David "Dawsey" Kewley (1850 – 25 March 1904) was a Manx boatman, member of the Douglas Rocket Brigade and volunteer in the Lifeboat Service, renowned for his involvement in the saving of lives at sea. Reports of the number of people he saved from drowning vary. According to some contemporary reports he saved as many as 38 lives, according to  others 25, but it is generally recognised that he was directly involved in saving the lives of at least 23 people, and as a member of the Douglas Lifeboat Crew assisted in the saving of many more. He was a recipient of numerous awards from the Royal Humane Society for his life-saving exploits. Although a man of dauntless courage, he would never speak about his feats and disliked hearing other people talk about them.

Biography
David Kewley (always known by his sobriquet of "Dawsey") was born in Douglas, Isle of Man in 1850, the eighth of ten children and brought up in the tough Fairy Ground area of the town. His father, also known as Dawsey, was a boatman and fisherman working an open lug-boat. After receiving a somewhat limited education the younger Kewley joined his older brother and father in the fishing trade.

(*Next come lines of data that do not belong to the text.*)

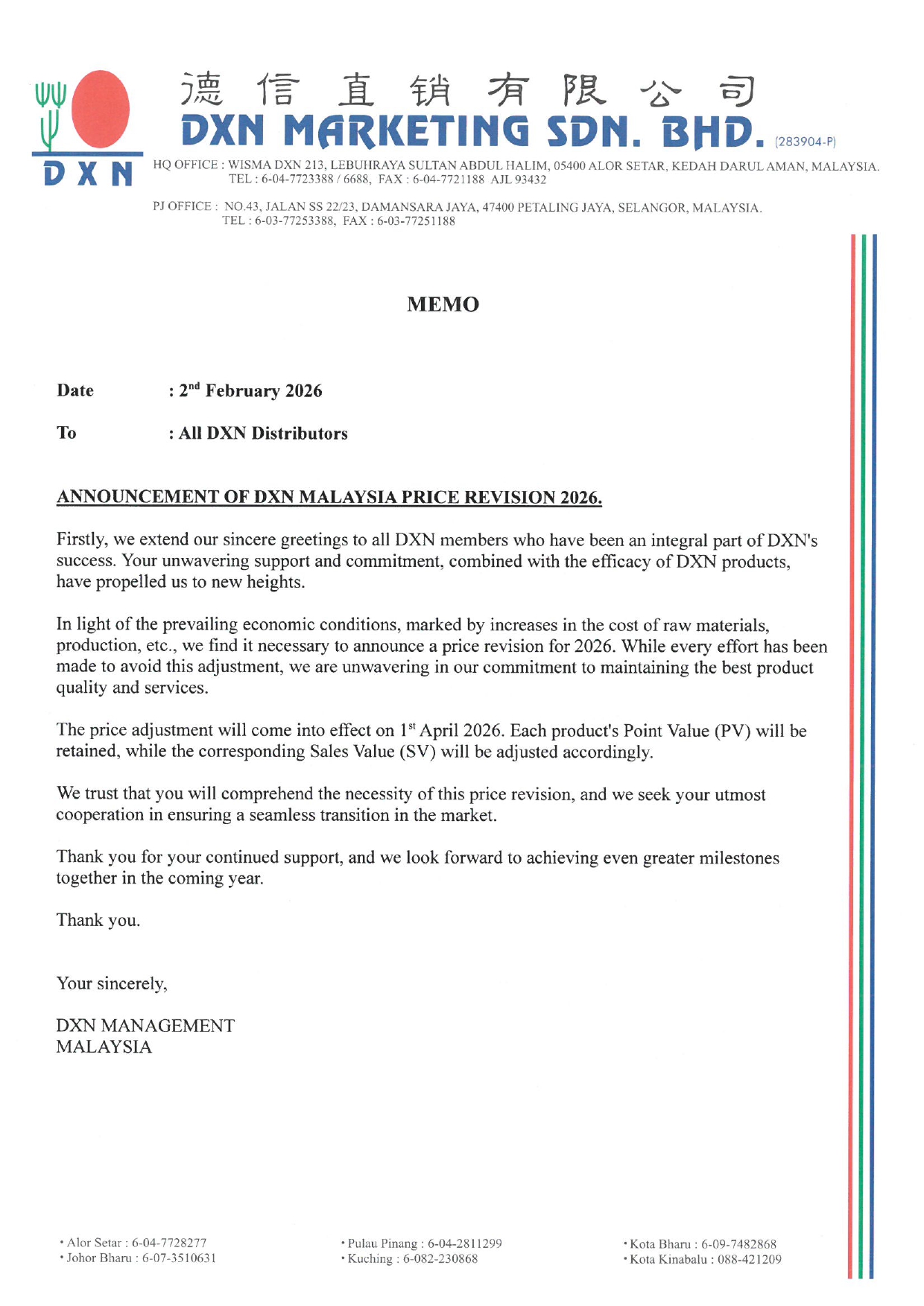 We wish to bring to your attention the announcement of DXN Malaysia price revision 2026, which will take effect on 1 April 2026.
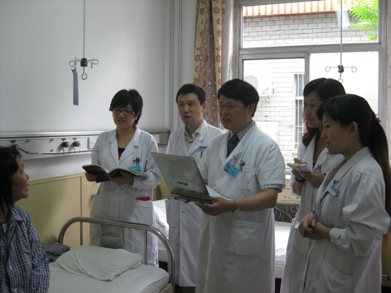中國醫(yī)學(xué)科學(xué)院腫瘤醫(yī)院徐兵河教授(右三)、馬飛教授(右四)攜治療團(tuán)隊(duì)在病房查問乳腺癌患者康復(fù)情況。圖片由受訪者提供
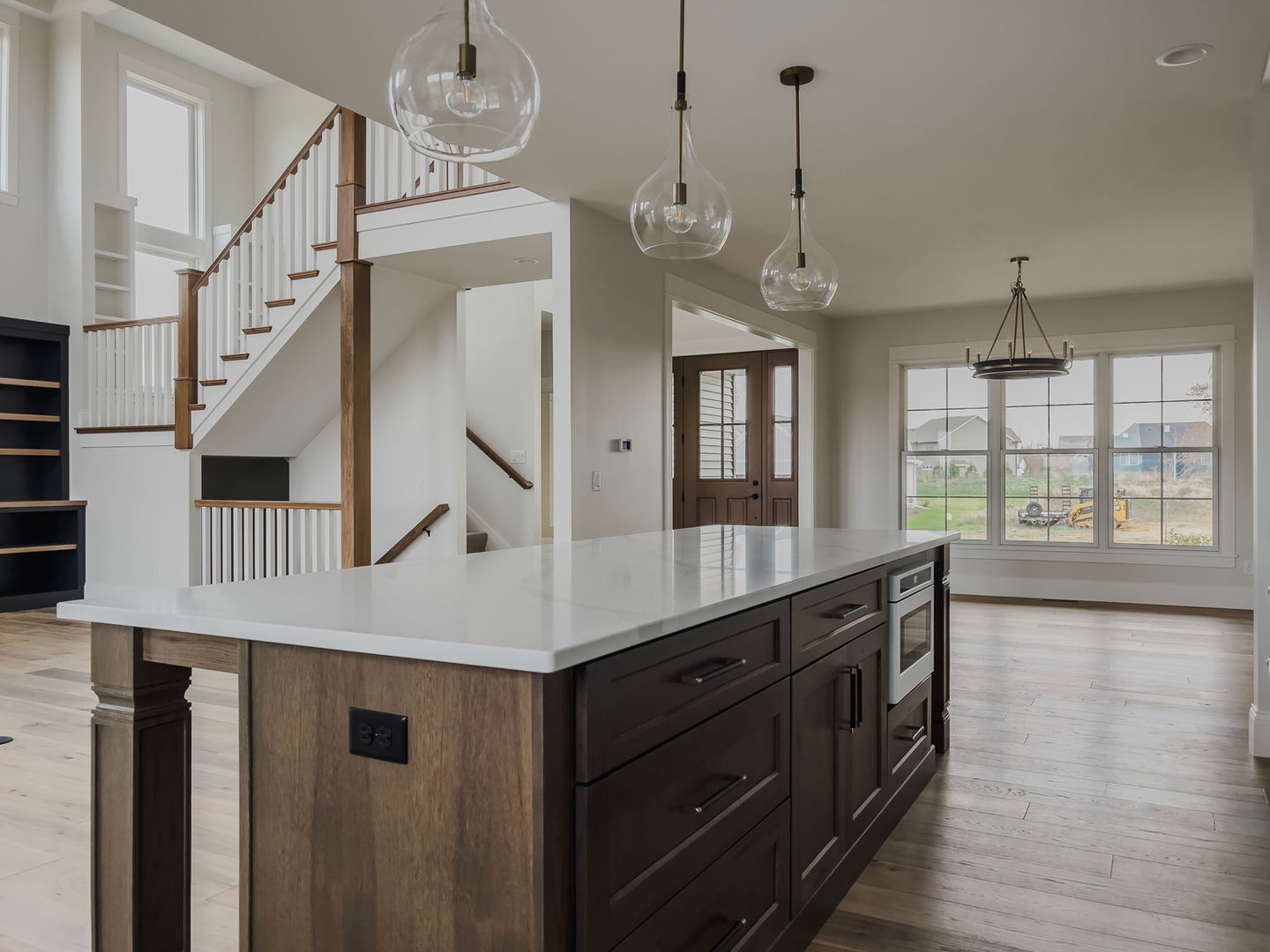 A recent custom home featuring a stunning 2-story great room, catwalk, and large windows allowing for plenty of natural light. The custom kitchen in this home is a standout feature, perfect for anyone who loves to cook and entertain.
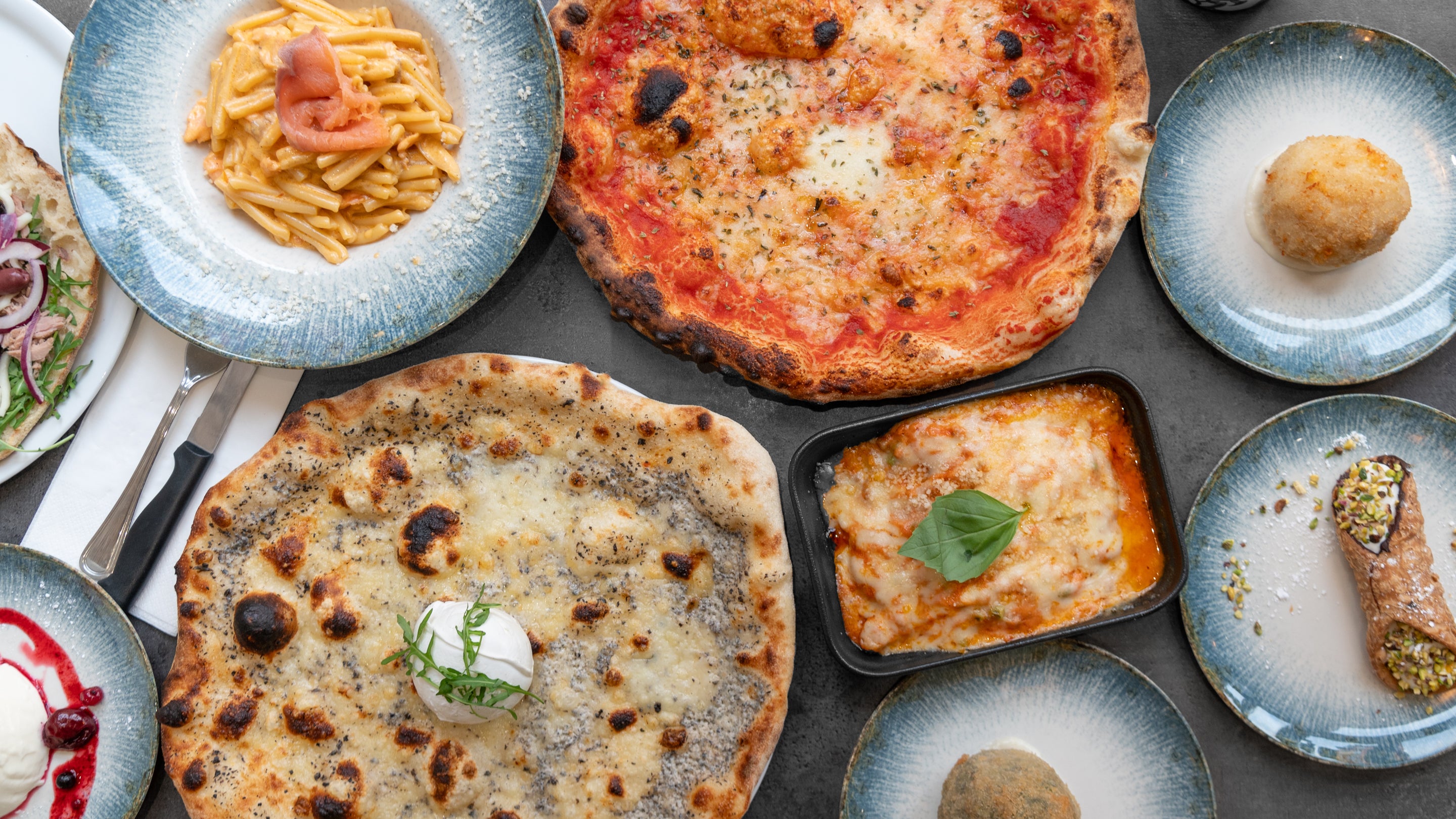 sandwich fait avec la pâte à pizza farci de pesto de pistache , mortadella et mozzarella€14.00Tomate pelée, anchois, oignons,huile.
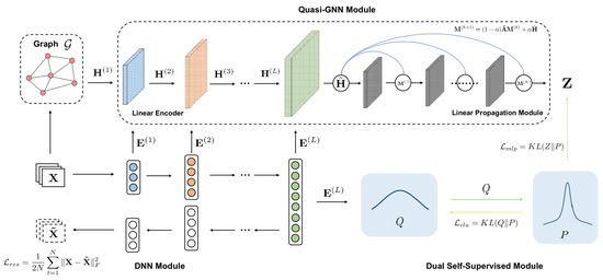 where is the soft clustering frequency. The target distribution normalizes the sum of squares of each distribution in the cluster distribution . By using two distributions to constrain different embeddings, the embedding obtained by the DNN module and the Quasi-GNN module can be considered simultaneously to optimize the embedding and clustering quality jointly. On this basis, we can obtain the corresponding objective function
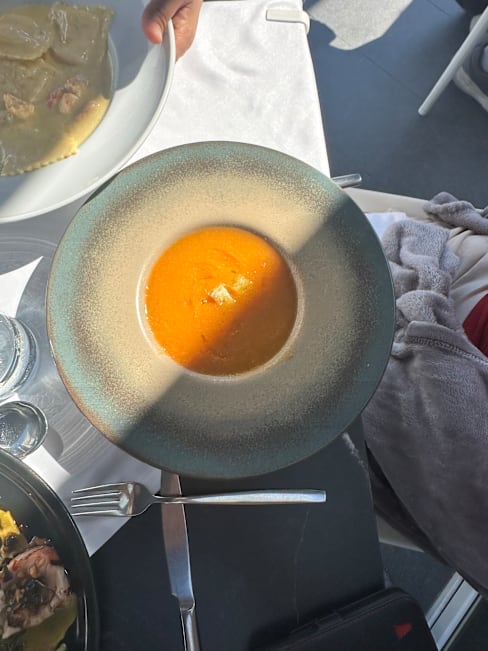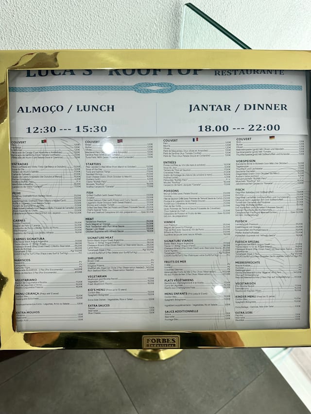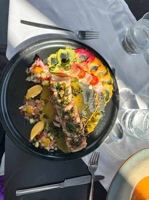 10/10We were greeted upon entry by the friendly staff. Our reservation was in place and took us to our table. The walk to the table is wide open vistas to the ocean. Stunning environment. Once seated at the table on the outdoor patio, all you could see was the gorgeous aqua, seawater, and natural cliff terrain. The service was extremely friendly and accommodating. There was a slight breeze and my wife was cool so they brought her a blanket to keep her warm. We were there for lunch and enjoyed impeccable platings for our meal. Gorgeous colors and nice layers of flavor. Without a doubt would go back. If you’re in other Algarve communities, it is worth the drive to experience this rooftop terrace, dining and service.
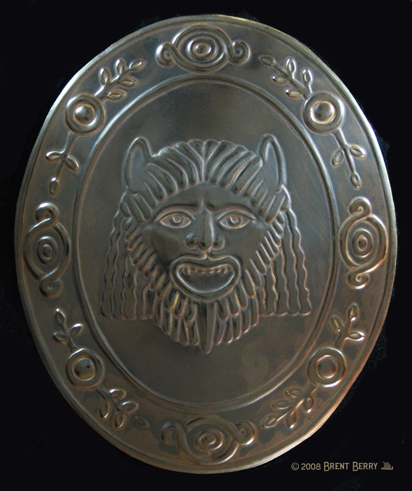 A brass repousse of a Greek Satyr (600 BC). Hand embossed brass but the chemicals I used to tarnish it made it look like old silver.
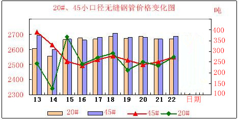 今日聊城無(wú)縫鋼管小口徑價(jià)格行情,20#、45#材質(zhì),10月13-22號(hào)價(jià)格變化走勢(shì)圖,更直觀的讓采購(gòu)客戶了解現(xiàn)貨價(jià)格及庫(kù)存走勢(shì),實(shí)時(shí)顯示最前沿價(jià)格調(diào)整預(yù)測(cè),為您提供最及時(shí)有效的價(jià)格參考建議。
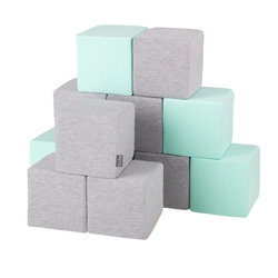 KiddyMoon blocs mous pour bébé cubes de construction en mousse, cubes: gris clair/menthe, 12 Pieces
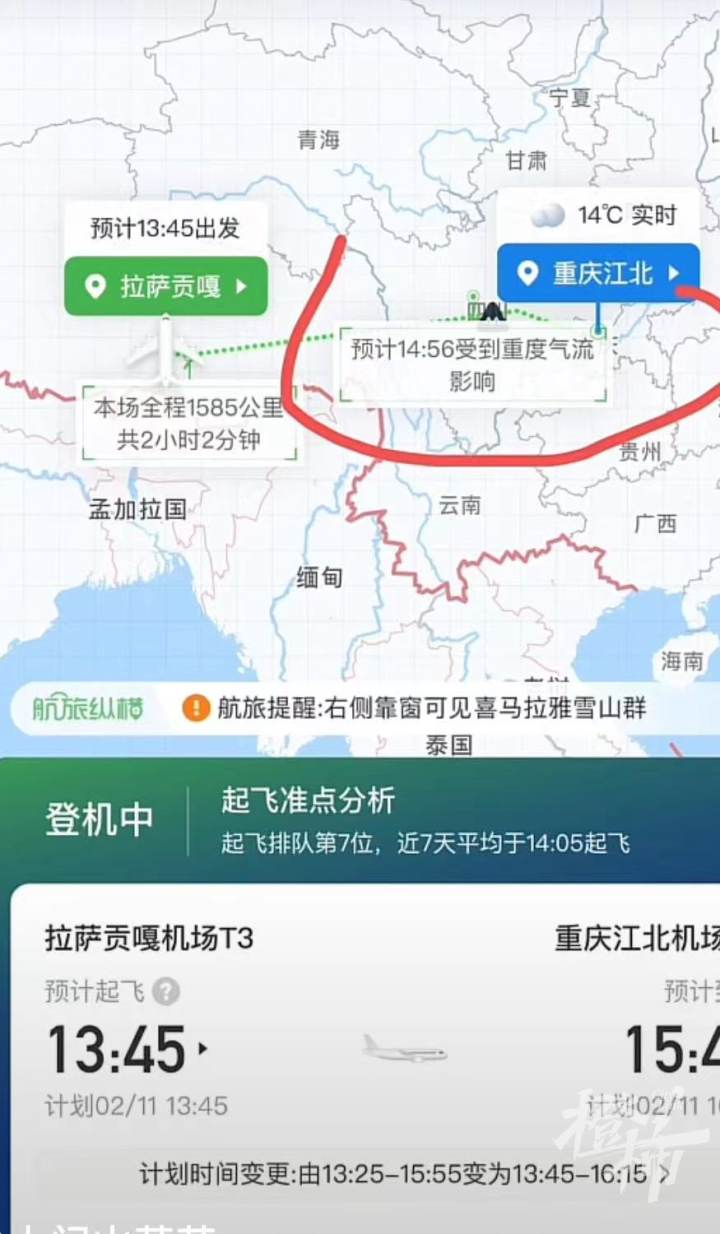据越牛新闻,顾女士是位旅行爱好者,今年大年初一,她和朋友出发飞去了拉萨。当天,她坐早上8点50分的飞机中转重庆,如果顺利的话,航班在下午3点半左右到达拉萨。
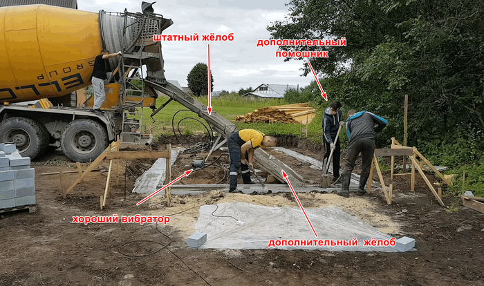 Тут основная сложность была в том, что прошли очень хорошие дожди и невозможно было подъехать на бетоновозе (стройка встала на неделю), а после того, как подсохло, заезд остался только с одной стороны. (вместо трёх) Пришлось собрать дополнительный жёлоб из всякого «мусора».
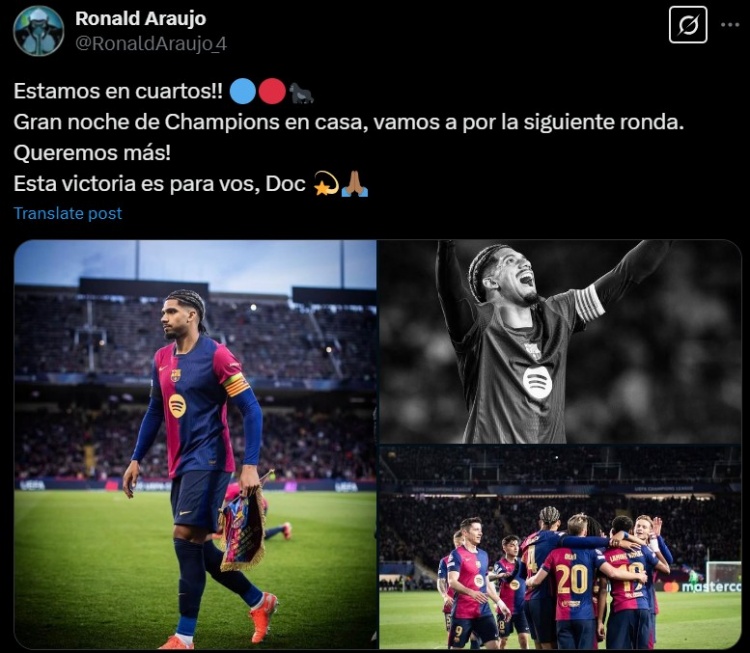 巴薩隊(duì)長(zhǎng)阿勞霍也在賽后社媒曬照,將勝利獻(xiàn)給球隊(duì)已故隊(duì)醫(yī),配文寫道:“我們晉級(jí)8強(qiáng),很棒的歐冠主場(chǎng)之夜,讓我們晉級(jí)下一輪!我們還想要更多。勝利獻(xiàn)給你,醫(yī)生。”
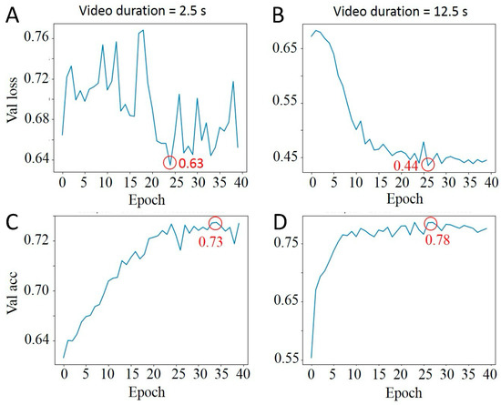 Figure 5. Comparison of different video lengths on CNNFA learning curves. (A) Lost function of 2.5 s video; (B) Lost function of 12.5 s video; (C) Validation accuracy of 2.5 s video; (D) Validation accuracy of 12.5 s video. Minimum lost function values and maximum validation accuracy values are circled in red.
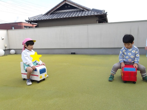 救急車と消防車に乗って嬉しそうにお散歩をしているお友だちもいましたよ🚒

Regarded as singularly unassuming in character, modest, retiring and of a kindly nature, he took employment with the Isle of Man Steam Packet Company in 1877 as a boatman, living at 11, New Bond St, Douglas and later Shaw's Brow.

Well known as a highly accomplished oarsman and swimmer, Dawsey competed in numerous rowing regattas around the Isle of Man and the northwest of England gaining success on many occasions, not least in the early 1870s, when as stroke oar of a crew which caused something of a sensation. Turning up at an event with three colleagues; Charles Kewin, John Cain and Hugh Rogers and an old gig which the four men had patched up themselves and known as "The Hobblers Boat," (the term "hobbler" applying to a waterman or pier porter) they competed in a race against several well trained racing crews, and to the astonishment of everyone, won easily. In turn they raced against professional crews from Manchester and Dumbarton enjoying further success. They twice won the Duke of Devonshire's prize at Barrow-in-Furness competing against, and beating, a celebrated crew of boatmen from Barrow who were stroked by the renowned Anthony Strong.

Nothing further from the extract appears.